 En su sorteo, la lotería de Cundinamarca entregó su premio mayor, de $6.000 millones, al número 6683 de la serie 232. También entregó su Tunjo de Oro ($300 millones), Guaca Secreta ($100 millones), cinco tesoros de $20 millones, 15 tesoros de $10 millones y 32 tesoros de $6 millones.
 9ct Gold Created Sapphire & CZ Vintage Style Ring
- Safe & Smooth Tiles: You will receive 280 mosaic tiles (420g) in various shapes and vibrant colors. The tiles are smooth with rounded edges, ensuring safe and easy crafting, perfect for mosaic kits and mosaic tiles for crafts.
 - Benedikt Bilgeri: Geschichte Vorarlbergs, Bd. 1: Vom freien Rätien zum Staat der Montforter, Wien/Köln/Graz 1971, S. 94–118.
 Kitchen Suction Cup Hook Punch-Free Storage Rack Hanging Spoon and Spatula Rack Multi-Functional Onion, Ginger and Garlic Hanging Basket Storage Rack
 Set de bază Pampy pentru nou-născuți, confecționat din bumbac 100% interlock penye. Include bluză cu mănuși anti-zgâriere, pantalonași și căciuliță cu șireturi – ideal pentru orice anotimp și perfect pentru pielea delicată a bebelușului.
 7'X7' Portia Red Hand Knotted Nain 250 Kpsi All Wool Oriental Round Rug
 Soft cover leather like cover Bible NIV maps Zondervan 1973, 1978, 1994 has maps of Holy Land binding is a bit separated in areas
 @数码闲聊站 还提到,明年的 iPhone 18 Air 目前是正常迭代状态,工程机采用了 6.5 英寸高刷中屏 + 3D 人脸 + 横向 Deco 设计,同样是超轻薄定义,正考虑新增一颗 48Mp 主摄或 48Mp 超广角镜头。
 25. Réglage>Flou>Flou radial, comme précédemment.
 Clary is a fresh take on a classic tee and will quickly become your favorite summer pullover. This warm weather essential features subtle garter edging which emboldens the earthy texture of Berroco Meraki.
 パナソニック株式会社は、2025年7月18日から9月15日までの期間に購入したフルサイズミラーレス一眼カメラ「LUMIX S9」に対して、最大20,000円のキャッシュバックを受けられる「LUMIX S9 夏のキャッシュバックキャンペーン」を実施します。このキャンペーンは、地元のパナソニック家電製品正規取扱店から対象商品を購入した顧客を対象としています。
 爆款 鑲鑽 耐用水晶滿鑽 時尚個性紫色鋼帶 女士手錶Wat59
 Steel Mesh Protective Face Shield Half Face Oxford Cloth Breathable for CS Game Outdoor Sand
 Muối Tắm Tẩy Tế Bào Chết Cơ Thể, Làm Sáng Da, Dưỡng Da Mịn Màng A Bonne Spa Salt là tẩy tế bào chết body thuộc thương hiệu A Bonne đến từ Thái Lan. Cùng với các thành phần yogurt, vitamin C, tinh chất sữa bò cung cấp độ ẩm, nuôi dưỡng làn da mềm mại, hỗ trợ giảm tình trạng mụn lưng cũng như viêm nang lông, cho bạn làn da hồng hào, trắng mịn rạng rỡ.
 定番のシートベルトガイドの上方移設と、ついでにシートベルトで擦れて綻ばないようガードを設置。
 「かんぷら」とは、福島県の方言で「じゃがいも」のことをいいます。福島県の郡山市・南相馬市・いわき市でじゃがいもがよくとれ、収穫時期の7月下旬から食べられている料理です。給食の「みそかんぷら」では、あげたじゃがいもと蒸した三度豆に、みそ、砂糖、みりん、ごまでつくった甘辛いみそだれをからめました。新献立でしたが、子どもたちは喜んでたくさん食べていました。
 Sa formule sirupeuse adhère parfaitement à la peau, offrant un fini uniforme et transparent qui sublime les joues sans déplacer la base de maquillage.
####
■ Task to carry out ■
Which of the lines above include the word "will"? List those lines.

■ Output for this task ■
- Safe & Smooth Tiles: You will receive 280 mosaic tiles (420g) in various shapes and vibrant colors. The tiles are smooth with rounded edges, ensuring safe and easy crafting, perfect for mosaic kits and mosaic tiles for crafts.
 Clary is a fresh take on a classic tee and will quickly become your favorite summer pullover. This warm weather essential features subtle garter edging which emboldens the earthy texture of Berroco Meraki.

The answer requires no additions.